19 September, 2016
What you need to know
- Section 117 of the Fair Work Act 2009 (Cth), which forms part of the National Employment Standards, prohibits an employer from terminating an employee's employment unless the employer has given a period of notice, or a payment in lieu of notice, of up to 5 weeks' pay depending on the employee's period of continuous service and age. The provision is subject to exceptions such as in the case of an employee whose employment is terminated because of serious misconduct.
- Traditionally, a term requiring an employer to give "reasonable notice" of termination will be implied into an employment contract if the contract is silent on notice. However, it has been suggested that because section 117 provides for notice, there is no longer any reason to imply a term of reasonable notice into a contract. At least one judge of the Federal Circuit Court and a state court have expressed this view.
- The alternative view is that section 117 provides a minimum period only, leaving open the possibility that a term of reasonable notice could be implied.
- The recent case of McGowan v Direct Mail and Marketing Pty Ltd [2016] FCCA 2227 involved a claim by a dismissed Group General Manager for reasonable notice of 12 months. The case was decided by Judge McNab of the Federal Circuit Court. The employer's Managing Director was motivated to dismiss the employee because of his poor work performance and a pattern of crude behaviour towards staff and clients. Having regard to section 117, the employer paid the employee 5 weeks' pay in lieu of notice.
- The employer successfully defended the claim for reasonable notice on the basis that the employee's original employment agreement, made when his employment commenced 16 years earlier, contained an express notice period of 4 weeks.

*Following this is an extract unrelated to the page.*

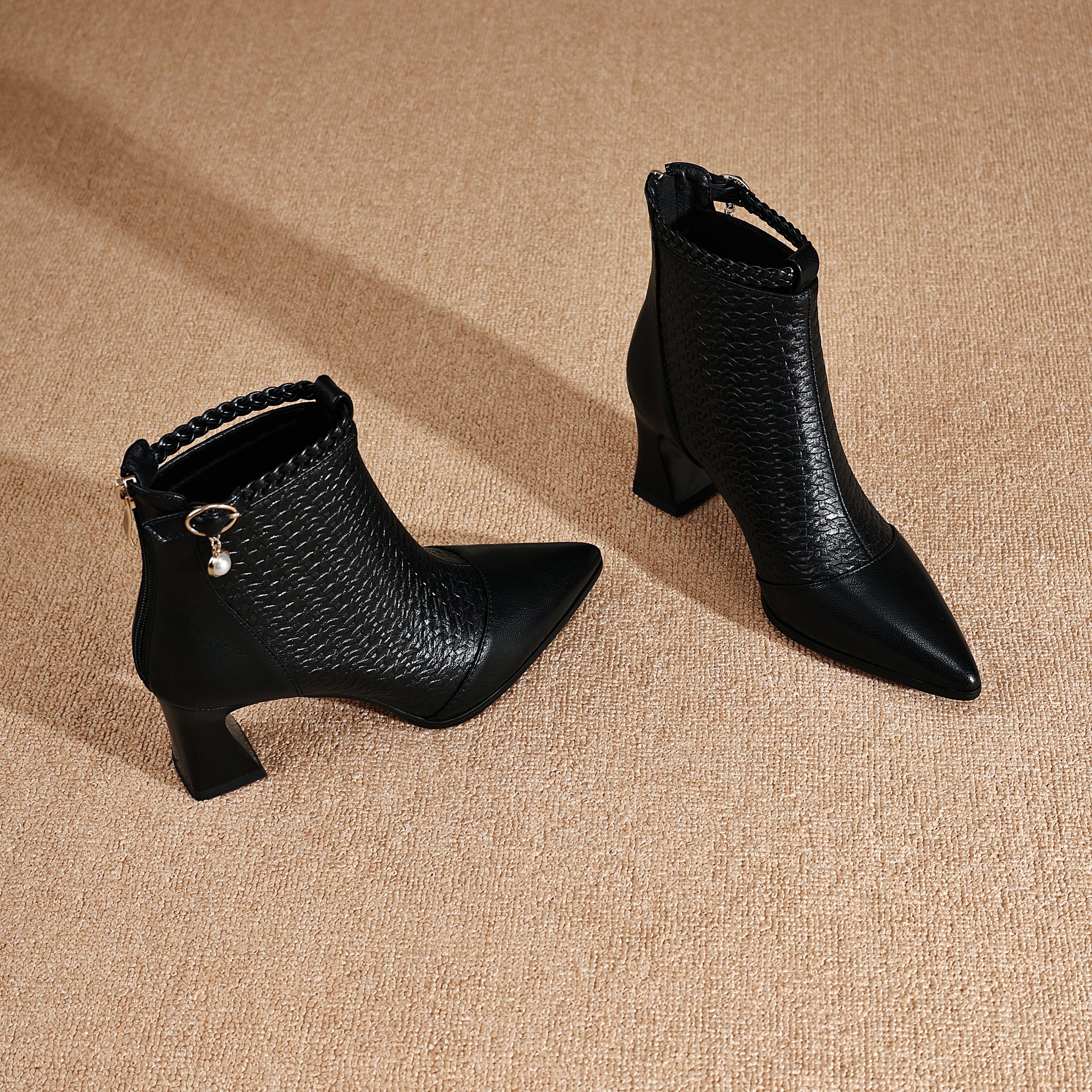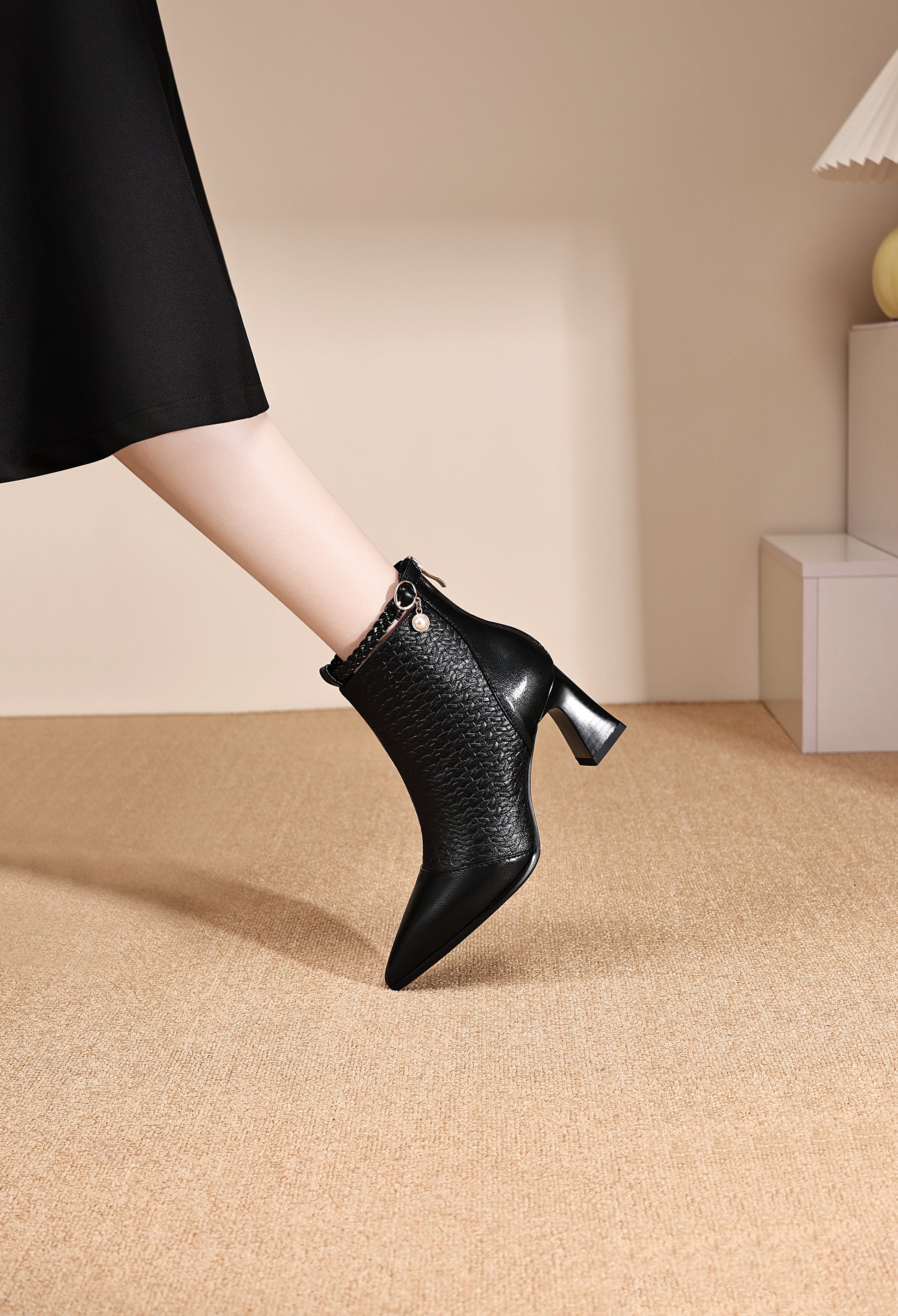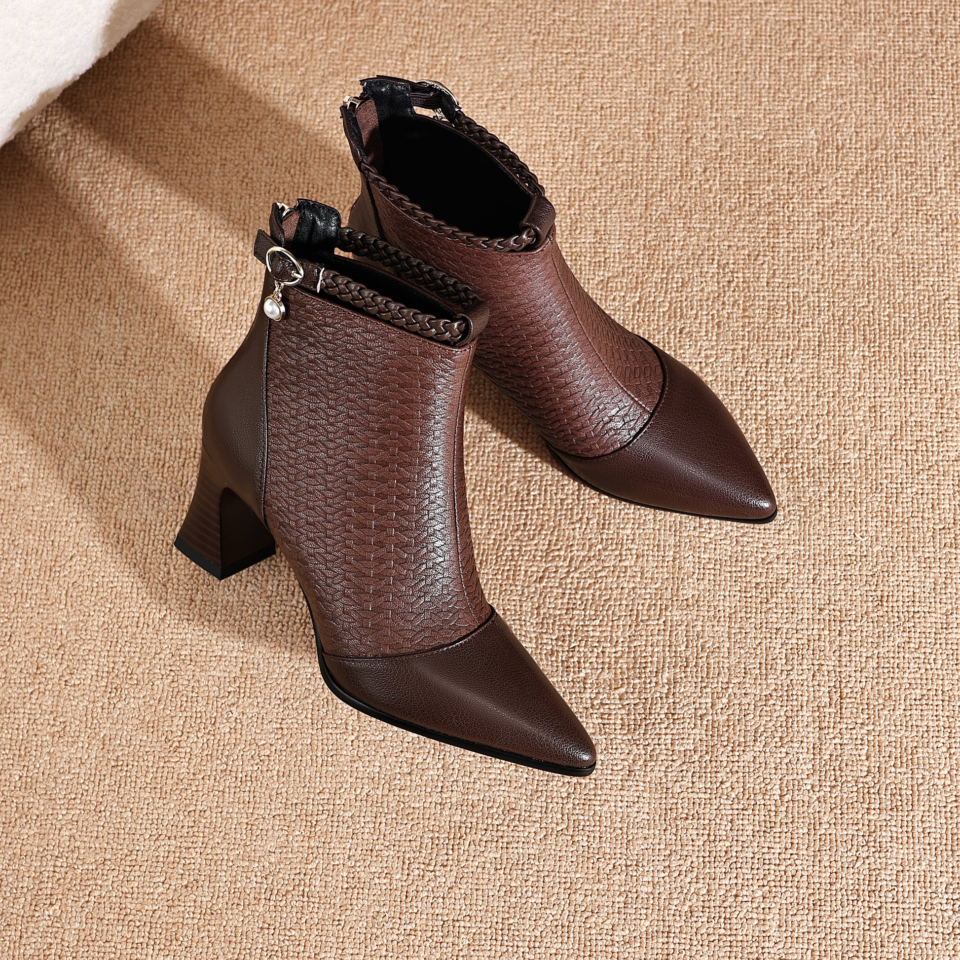 TinaCus Women's Genuine Leather Handmade Embossed Ankle Pendant Pointed Toe Spool Low Heel Ankle Booties

Judge McNab found that this provision continued to apply as a matter of contract despite the employee's subsequent promotions.
- Judge McNab expressed the view that section 117, being part of the NES, is intended to provide a minimum notice period only and that it does not displace a right to reasonable notice where the contract of employment is silent on the question of notice.
- Given there have been differing judicial views, we expect the question of whether section 117 prevents the implication of a term of reasonable notice to come before an appellate court for determination in due course.
What you need to do
- When terminating the employment of employees (particularly non-award covered employees) be alert to the possibility of claims for reasonable notice. In the absence of an express contractual term for notice, for senior managers the authorities support a range for reasonable notice of between 6 and 12 months.
- Ensure template contracts contain a notice provision. Also consider stating that the terms and conditions in the contract apply to all future roles the employee may hold, unless otherwise varied in writing.
- Ensure that you can rely on an express notice period following promotions, salary increases and other changes in terms and conditions of employment over the course of the employment relationship by updating an employee's contract of employment (including reference to an express term for notice) when you promote the employee.
- Review template employment contracts and letters of variation to ensure you manage this risk well. Always adapt templates to the circumstances and role of the relevant employee.
- Give special consideration to this issue in circumstances of redundancy related terminations of employment where employees are covered by redundancy policies that afford benefits greater than NES minima.
MAKING THE CASE: Insights from Geoff Giudice
When considering the legal position under a contract of employment rights arising under the contract should be distinguished from rights arising under a statute, such as the Fair Work Act 2009. Where the contract and a statute deal with the same subject matter it is necessary to interpret the statutory provision to see whether it is intended to operate concurrently with the contractual provision or to modify it and if so in what circumstances. Judge McNab's reasons for decision illustrate this process well in relation to notice of termination of employment. His Honour found that the statutory period of notice applied to the contract of employment as a minimum and was not intended to override the implied contractual term of reasonable notice where that would result in a longer period of notice. It may be unwise to assume that all of the National Employment Standards operate in the same way – although most probably do. The meaning and operation of the statutory provision needs to be considered in each case.